Restore test script:

#!/bin/bash
set -e

# Restore to a test instance
pgbackrest --stanza=main restore \
    --pg1-path=/var/lib/postgresql/test_restore \
    --target-exclusive \
    --target=latest

# Start the test instance on a different port
postgres -D /var/lib/postgresql/test_restore -p 5433 &

# Wait for startup
until pg_isready -p 5433; do sleep 1; done

# Verify critical data
psql -p 5433 -d mydb -c "SELECT COUNT(*) FROM orders;" | grep -q "[0-9]"
psql -p 5433 -d mydb -c "SELECT max(created_at) FROM orders;"

# Verify WAL applied (check that recent transactions are present)
psql -p 5433 -d mydb -c "SELECT id FROM orders ORDER BY id DESC LIMIT 1;"

echo "Restore test passed"

# Cleanup
pg_ctl stop -D /var/lib/postgresql/test_restore
rm -rf /var/lib/postgresql/test_restore

Run this in CI or as a scheduled job. The 30 minutes this takes each month is cheap compared to discovering your backup is broken during an actual disaster.

The 3-2-1 Rule

Apply the 3-2-1 backup rule to Postgres:

  • 3 copies of the data
  • 2 different storage media
  • 1 offsite copy

In practice:

  • Copy 1: The live database
  • Copy 2: A hot standby (streaming replication)
  • Copy 3: WAL archives and base backups in cloud object storage (S3, GCS)
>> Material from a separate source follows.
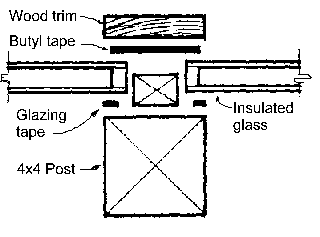 A key to this simple glazing system is a special aluminum-coated butyl rubber sealing tape designed for severe waterproofing conditions (sample included with your plans). This tape was developed for sealing modular buildings on the North Slope oil fields of Alaska. It allows you to build large leak-proof skylights and window walls using standard wood working tools. The system is easy to build and is forgiving of errors. It is also less costly than commercial glazing systems. This same system is being used by several west coast sunroom companies to build high-end custom wood sunrooms and greenhouses. You can do the same!

The standby gives you fast failover (RTO in minutes). The cloud backup gives you PITR and protection against logical corruption and catastrophic datacenter failures.

Monitoring Backup Health

Critical metrics to alert on:

-- Is WAL archiving working?
-- (Check pg_stat_archiver)
SELECT archived_count, last_archived_wal, last_archived_time,
       failed_count, last_failed_wal, last_failed_time
FROM pg_stat_archiver;

Alert if:

  • last_archived_time is more than 5 minutes old
  • failed_count increased since the last check
  • Base backup hasn’t run in the configured interval
  • Backup storage usage is growing unexpectedly

pgBackRest has built-in check and verify commands:

pgbackrest --stanza=main check  # Verify archiving is working
pgbackrest --stanza=main verify  # Verify backup files are intact

Backup and recovery is the insurance policy for everything in this book. You can optimize performance, harden security, and design elegant schemas — but without working backups, a single hardware failure or operator error can erase it all. Invest in your backup strategy proportionally to the value of your data. For almost any production system, that means WAL archiving, regular base backups to offsite storage, and tested restores.